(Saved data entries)
-- Opening Marker --
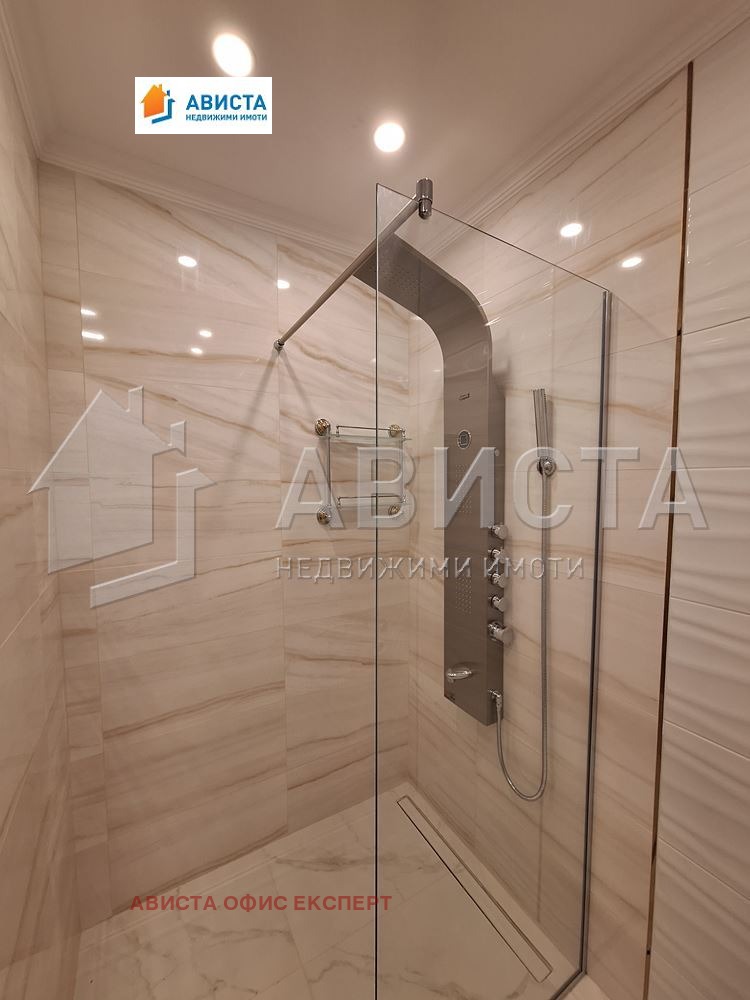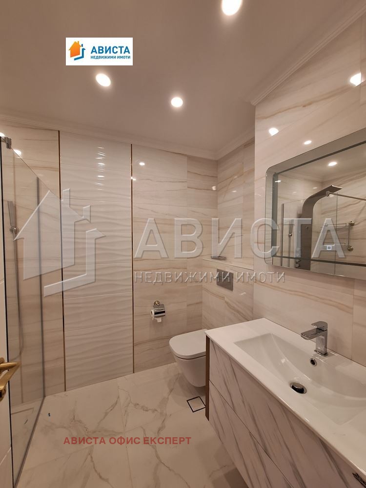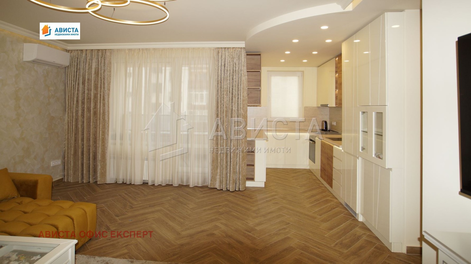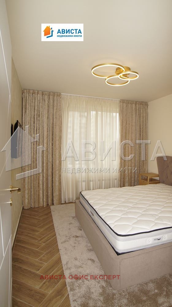 Апартаментът е просторен, луксозен, изпълнен и обзаведен по интериорен проект и поръчка, със специално ЛЕД осветление в помещенията както в хола, така и в кухненската част, която е оборудвана с висок клас вградени чисто нови уреди: фурна, съдомиялна, 4 котлона и хладилник с фризер.
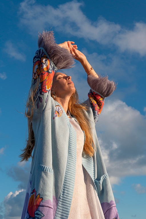 Например, коллекция кардиганов «Saison Russe» посвящена величию русского балета и постановкам известных балетмейстеров, а кардиган «Хозяйка Медной горы» вдохновлен Уралом, героиней сказов Бажова - Хозяйкой Медной горы в ее шелковом малахитовом одеянии.
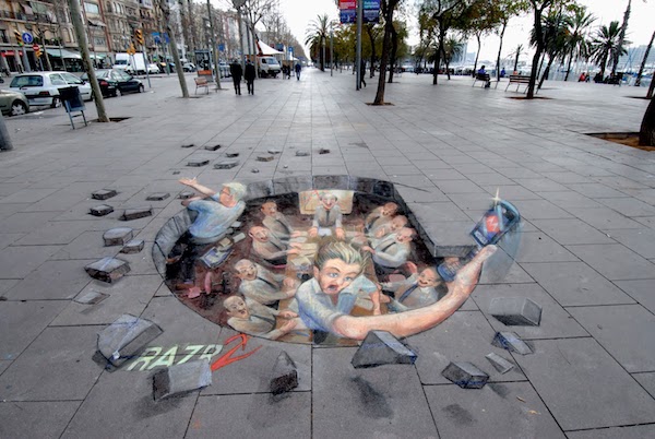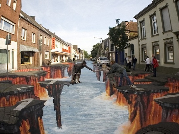 Tieto očné klamy vznikli pod rukami umelca Juliana Beevera. Britský maliar sa zaoberá 3D maľbou, ktorú aplikuje na chodníky v rôznych mestách. Pre jeho diela ho nazývajú Chodníkový Picasso. Pri pohľade na niektoré z nich sa vám na okamih zastaví srdce.
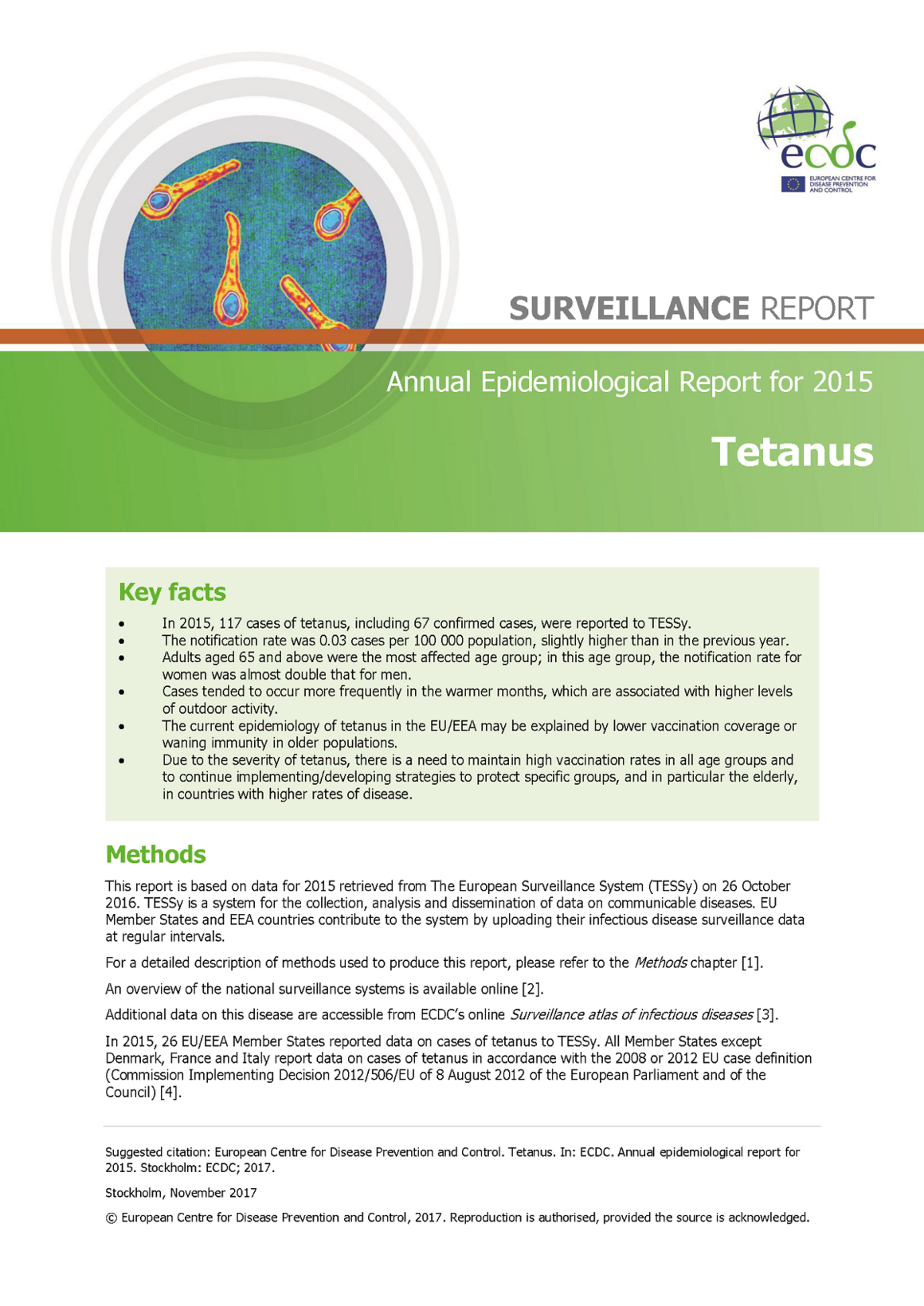 In 2015, 117 cases of tetanus, including 67 confirmed cases, were reported to TESSy. The notification rate was 0.03 cases per 100 000 population, slightly higher than in the previous year. Adults aged 65 and above were the most affected age group; in this age group, the notification rate for women was almost double that for men. Cases tended to occur more frequently in the warmer months, which are associated with higher levels of outdoor activity. The current epidemiology of tetanus in the EU/EEA may be explained by lower vaccination coverage or waning immunity in older populations. Due to the severity of tetanus, there is a need to maintain high vaccination rates in all age groups and to continue implementing/developing strategies to protect specific groups, and in particular the elderly, in countries with higher rates of disease.
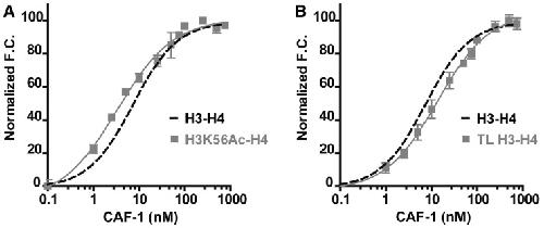 Figure 2. Acetylation of H3K56 increases CAF-1 affinity for H3-H4, whereas removal of the terminal histone tails has no measurable effect. (A) The binding curves for H3K56Ac-H4 (gray squares) and wild-type H3-H4 (dashed line) with increased concentration of CAF-1. CAF-1 binds the acetylated form of H3-H4 with ∼2.5-fold higher affinity than that of the wild-type H3-H4 complex as shown through increased binding (more fluorescence change) at lower CAF-1 concentrations. (B) The effect of the histone tails on CAF-1 binding. H3-H4 complex lacking amino-terminal tails (gray squares) (H3 res. 27-135 and H4 res. 20-102) are titrated with CAF-1 and produce a markedly similar binding curve as the wild-type H3-H4 (dashed line). The error bars represent the standard error within individual data points.The total data points for a single experiment are 48.
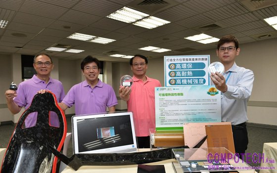 產業合作:目前已初步與CCL和PCB廠商完成產業場域驗證,符合IPC電子產業品質標準規範,並與複材廠商利用再生碳纖維成功製成汽車座椅產品。
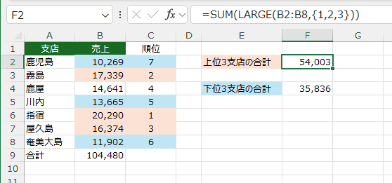 - LARGE(B2:B8,{1,2,3})と配列を使って取り出し、SUM関数で合計します。
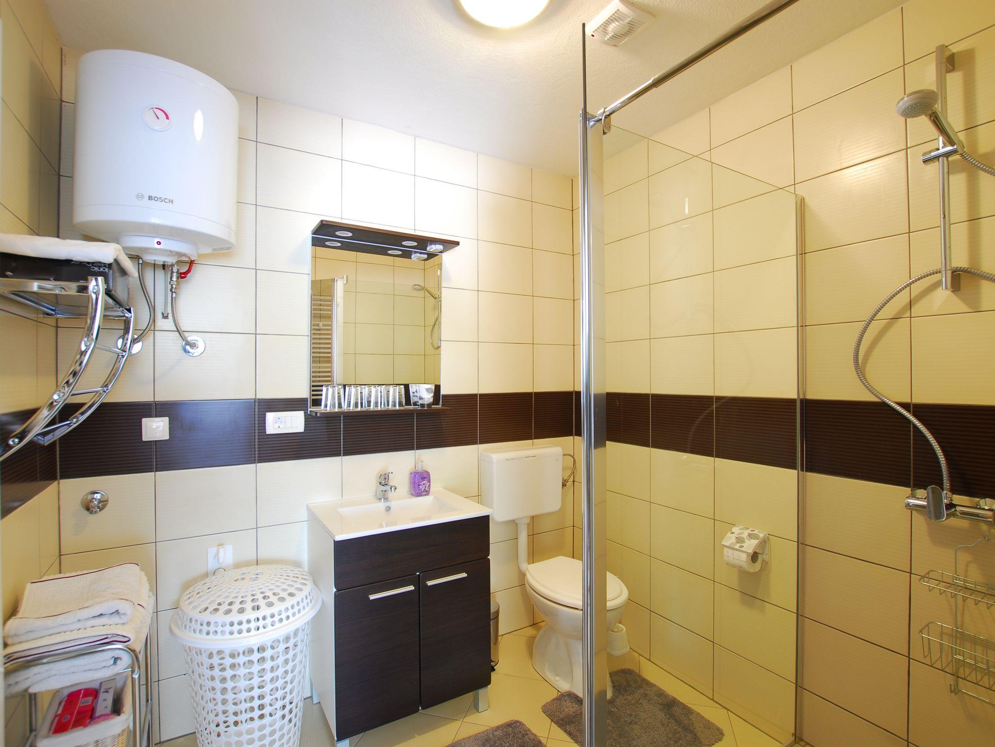 Studio bietet Platz für 4 Gäste. Die Betten sind in Schlafzimmern, die es 1 gibt, und in Wohnzimmer, innerhalb einer Gesamtfläche von 32m2, angeordnet. Die Gäste haben eine eigene Terrasse zur Verfügung, auf der sie in warmen Sommernächten genießen können. Es ist erlaubt, Speisen auf dem Gemeinschafts-Grill vorzubereiten. IM PREIS INBEGRIFFEN: Kurtaxe, Endreinigung, Klimatisierung, Zentralheizung, Parkplatz, Internet, Föhn. Die Verfügbarkeit zusätzlicher Dienstleistungen in Ihrem reservierten Termin und die Preise derselben (falls nicht aufgeführt) müssen im Voraus überprüft werden. Zusätzliche Dienstleistungen die in der Zahlungsaufforderung nicht aufgeführt sind werden direkt beim Vermieter bezahlt, angenommen der Gast nutzt auch diese. Ermäßigung auf den Grundpreis: Gratistag 14=13 (bei einem Aufenthalt von 14 Tagen oder mehr erhalten Sie einen Gratistag für den Aufenthalt bis 31.12.26).
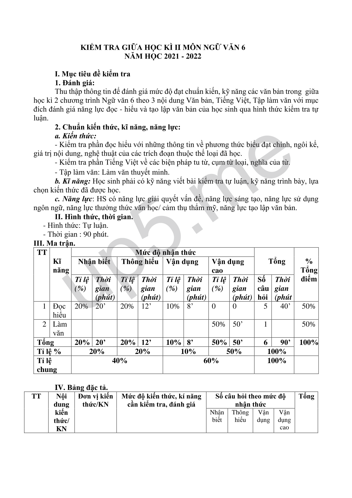 I. Mục tiêu đề kiểm tra
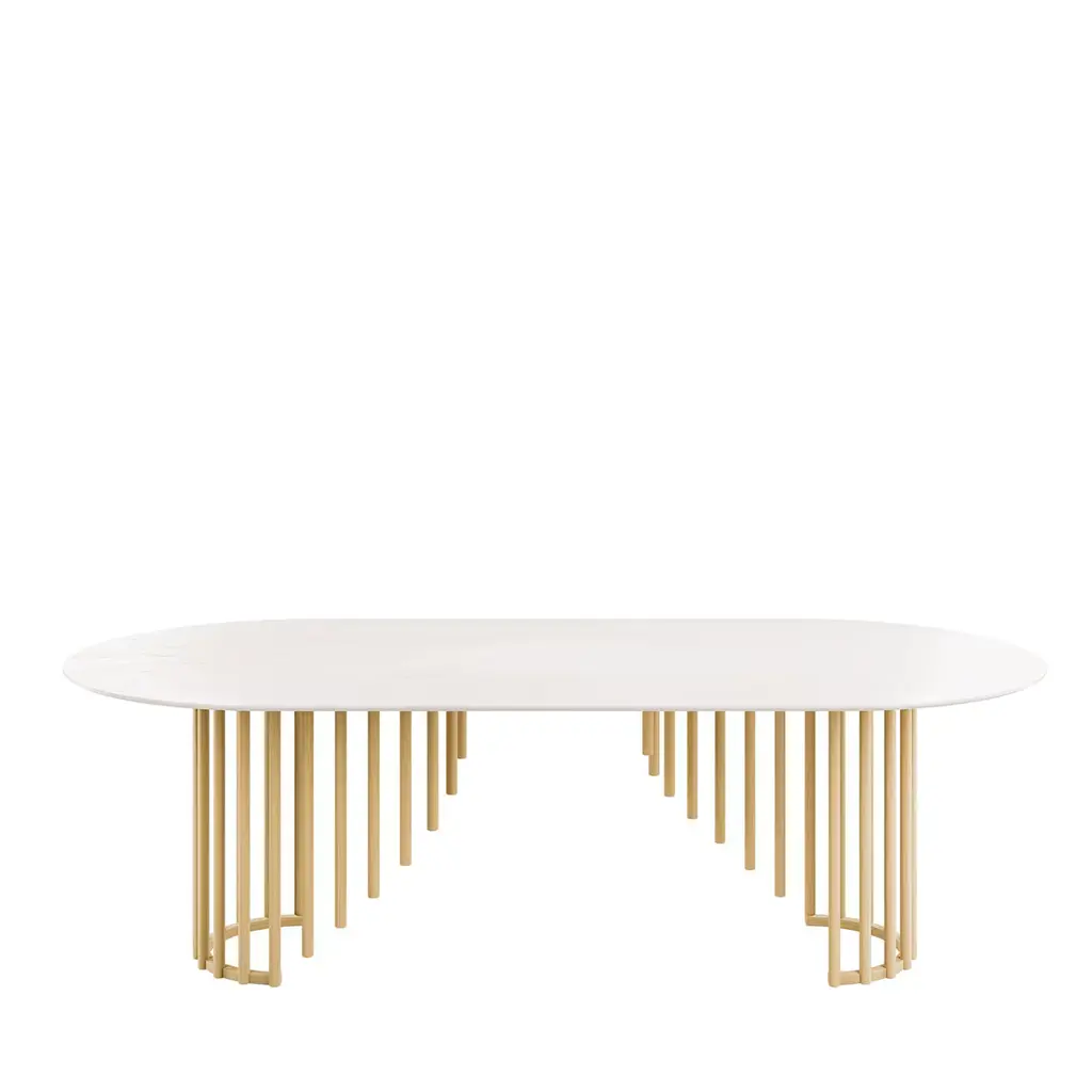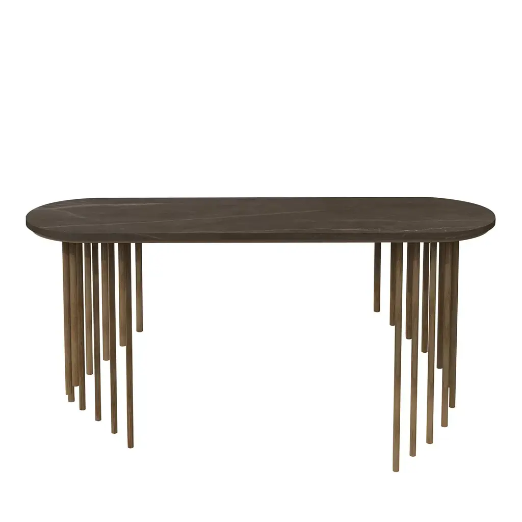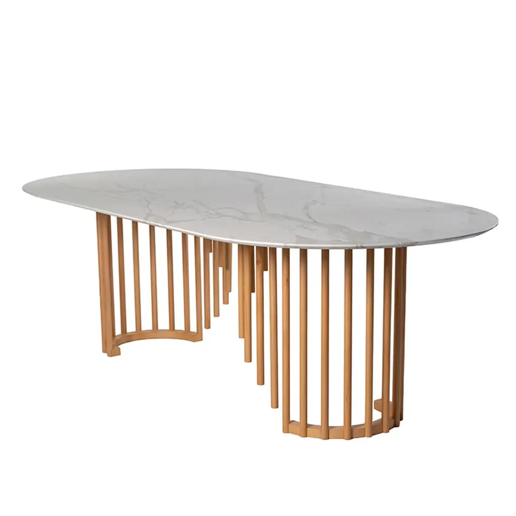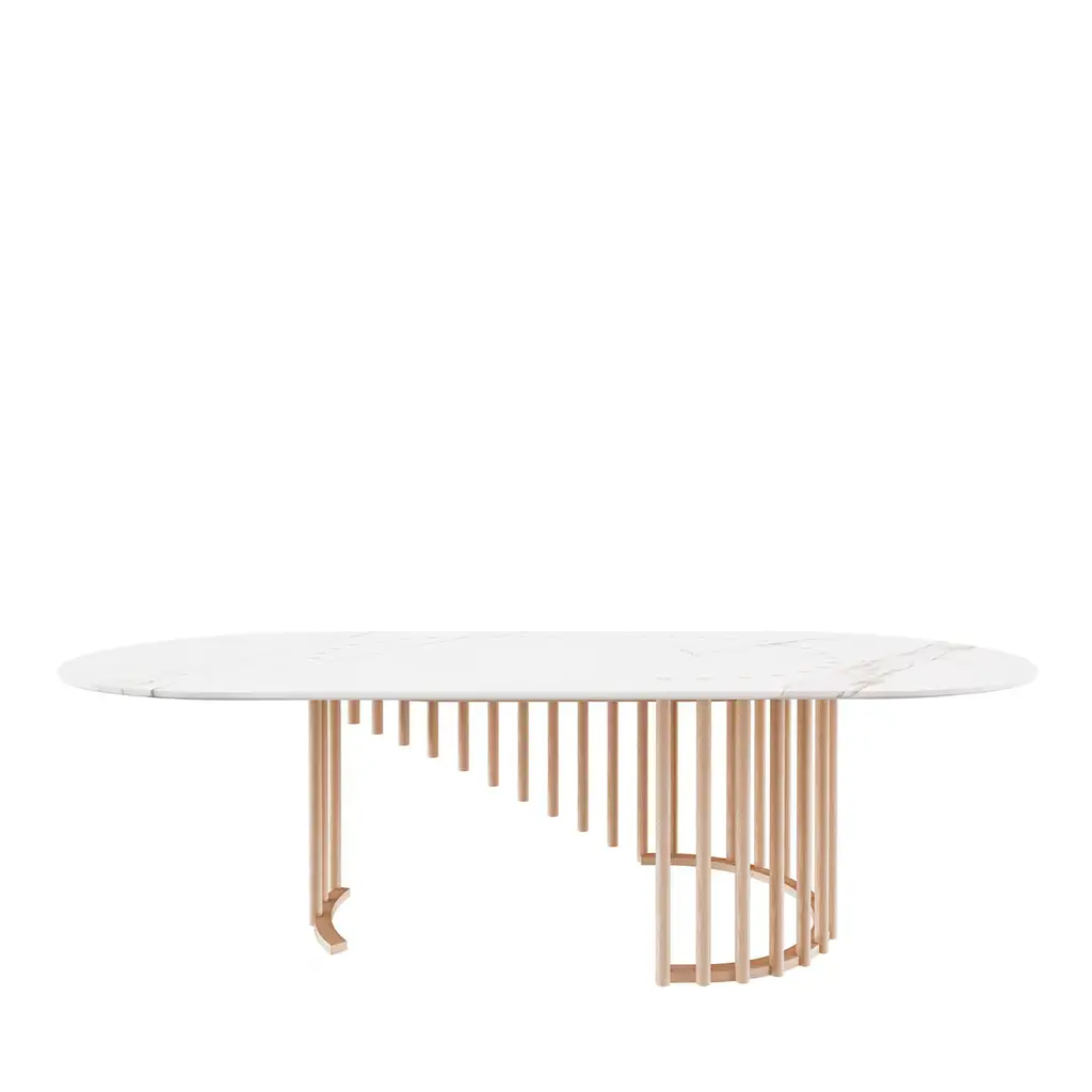 Exuding a sculptural flair, this coffee table draws inspiration from the simple and elegant silhouette of canes ("giunchi" in Italian). The ellipsoidal top in white marble is efficiently sustained by a neat ensemble of parallel shafts in cedar wood that trace a smooth structural profile. Please check with the Concierge the availability of the variants with a Calacatta or Bronze Armani marble top, inlaid top, and Canaletto walnut structure.
-- Closing Marker --
▶ [What you are asked to do]: Could you print the data exactly as it appears and keep the pictures out?

▶ [Answer box]:
 Апартаментът е просторен, луксозен, изпълнен и обзаведен по интериорен проект и поръчка, със специално ЛЕД осветление в помещенията както в хола, така и в кухненската част, която е оборудвана с висок клас вградени чисто нови уреди: фурна, съдомиялна, 4 котлона и хладилник с фризер.
 Например, коллекция кардиганов «Saison Russe» посвящена величию русского балета и постановкам известных балетмейстеров, а кардиган «Хозяйка Медной горы» вдохновлен Уралом, героиней сказов Бажова - Хозяйкой Медной горы в ее шелковом малахитовом одеянии.
 Tieto očné klamy vznikli pod rukami umelca Juliana Beevera. Britský maliar sa zaoberá 3D maľbou, ktorú aplikuje na chodníky v rôznych mestách. Pre jeho diela ho nazývajú Chodníkový Picasso. Pri pohľade na niektoré z nich sa vám na okamih zastaví srdce.
 In 2015, 117 cases of tetanus, including 67 confirmed cases, were reported to TESSy. The notification rate was 0.03 cases per 100 000 population, slightly higher than in the previous year. Adults aged 65 and above were the most affected age group; in this age group, the notification rate for women was almost double that for men. Cases tended to occur more frequently in the warmer months, which are associated with higher levels of outdoor activity. The current epidemiology of tetanus in the EU/EEA may be explained by lower vaccination coverage or waning immunity in older populations. Due to the severity of tetanus, there is a need to maintain high vaccination rates in all age groups and to continue implementing/developing strategies to protect specific groups, and in particular the elderly, in countries with higher rates of disease.
 Figure 2. Acetylation of H3K56 increases CAF-1 affinity for H3-H4, whereas removal of the terminal histone tails has no measurable effect. (A) The binding curves for H3K56Ac-H4 (gray squares) and wild-type H3-H4 (dashed line) with increased concentration of CAF-1. CAF-1 binds the acetylated form of H3-H4 with ∼2.5-fold higher affinity than that of the wild-type H3-H4 complex as shown through increased binding (more fluorescence change) at lower CAF-1 concentrations. (B) The effect of the histone tails on CAF-1 binding. H3-H4 complex lacking amino-terminal tails (gray squares) (H3 res. 27-135 and H4 res. 20-102) are titrated with CAF-1 and produce a markedly similar binding curve as the wild-type H3-H4 (dashed line). The error bars represent the standard error within individual data points.The total data points for a single experiment are 48.
 產業合作:目前已初步與CCL和PCB廠商完成產業場域驗證,符合IPC電子產業品質標準規範,並與複材廠商利用再生碳纖維成功製成汽車座椅產品。
 - LARGE(B2:B8,{1,2,3})と配列を使って取り出し、SUM関数で合計します。
 Studio bietet Platz für 4 Gäste. Die Betten sind in Schlafzimmern, die es 1 gibt, und in Wohnzimmer, innerhalb einer Gesamtfläche von 32m2, angeordnet. Die Gäste haben eine eigene Terrasse zur Verfügung, auf der sie in warmen Sommernächten genießen können. Es ist erlaubt, Speisen auf dem Gemeinschafts-Grill vorzubereiten. IM PREIS INBEGRIFFEN: Kurtaxe, Endreinigung, Klimatisierung, Zentralheizung, Parkplatz, Internet, Föhn. Die Verfügbarkeit zusätzlicher Dienstleistungen in Ihrem reservierten Termin und die Preise derselben (falls nicht aufgeführt) müssen im Voraus überprüft werden. Zusätzliche Dienstleistungen die in der Zahlungsaufforderung nicht aufgeführt sind werden direkt beim Vermieter bezahlt, angenommen der Gast nutzt auch diese. Ermäßigung auf den Grundpreis: Gratistag 14=13 (bei einem Aufenthalt von 14 Tagen oder mehr erhalten Sie einen Gratistag für den Aufenthalt bis 31.12.26).
 I. Mục tiêu đề kiểm tra
 Exuding a sculptural flair, this coffee table draws inspiration from the simple and elegant silhouette of canes ("giunchi" in Italian). The ellipsoidal top in white marble is efficiently sustained by a neat ensemble of parallel shafts in cedar wood that trace a smooth structural profile. Please check with the Concierge the availability of the variants with a Calacatta or Bronze Armani marble top, inlaid top, and Canaletto walnut structure.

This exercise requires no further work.